Is there a way to speed up the process?
If you don't want to wait 30 years, the next best approach is to plant a raised bed. However, this is quite costly during the first year because a lot of organic matter needs to be added. Raised beds take a few years to become established, but can then be cultivated like normal garden beds and also provide a quick way of transforming compacted soils into fruitful vegetable beds, for example after building a new house.
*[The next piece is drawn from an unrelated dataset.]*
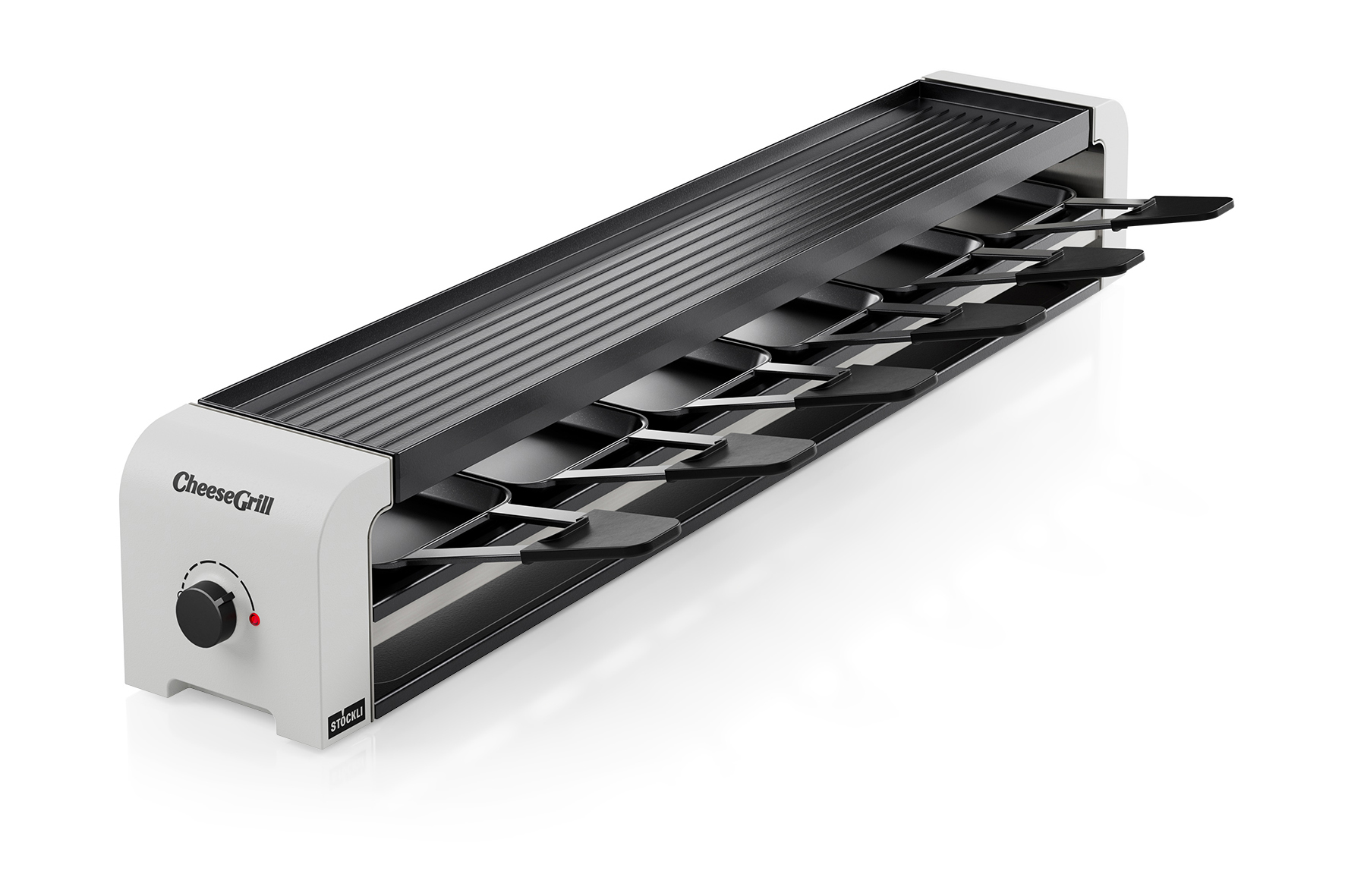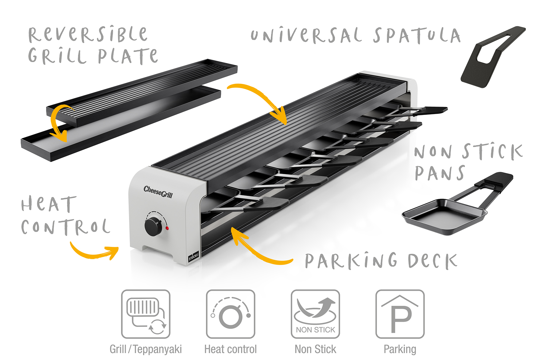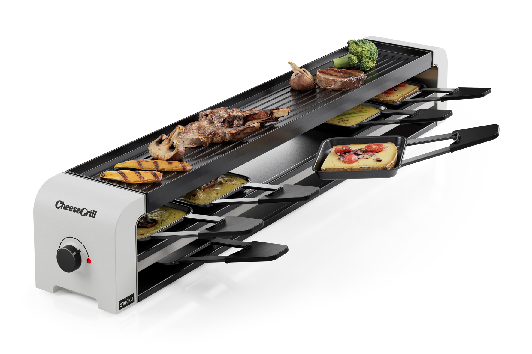 Der CheeseGrill Racletteofen ist der ideale Begleiter für genussvolle Raclette- und Grillabende. Mit seinem stufenlos einstellbaren Oberhitze-Regler bietet dieser Racletteofen perfekte Grillergebnisse. Die vielseitige Wende-Grillplatte ermöglicht es, zwischen klassischem Grillen und Teppanyaki-Style zu wählen, während die Oberhitze für perfekt geschmolzenen Käse sorgt. Das clevere Parkdeck schafft zusätzlichen Platz für heisse Pfännchen, ohne dabei die Tischfläche zu beanspruchen. Die Antihaftversiegelung der Grillplatte erleichtert die Reinigung nach dem Gebrauch. Einfach aufstellen, anschalten und den geselligen Raclette- und Grillabend geniessen.

Instructions for building a raised bed
Start by digging out the humus layer to a depth of approximately 20 centimetres in a patch 150 cm wide and however long you want. Then line the excavated cavity with fine-mesh wire to keep out voles and other small animals. In the middle of the new bed, pile up the "core" of coarsely shredded branches and clippings from trees and hedges to a depth of 40 to 50 cm and a width of 70 centimetres. Then comes a 15 cm layer of grass turf (with the turf pointing downwards) or alternatively straw chaff with manure or fresh kitchen waste – you can also build a raised bed in autumn and throw all the kitchen waste over the winter into it. This is followed by a layer approximately 30 cm deep of wet leaves. On top of this is a layer approximately 20 cm deep of fresh, unrotted rough compost mixed with some silicate rock dust. The raised bed is then topped with approximately 20 cm of a mixture of the dug-out garden soil and 20% mature compost.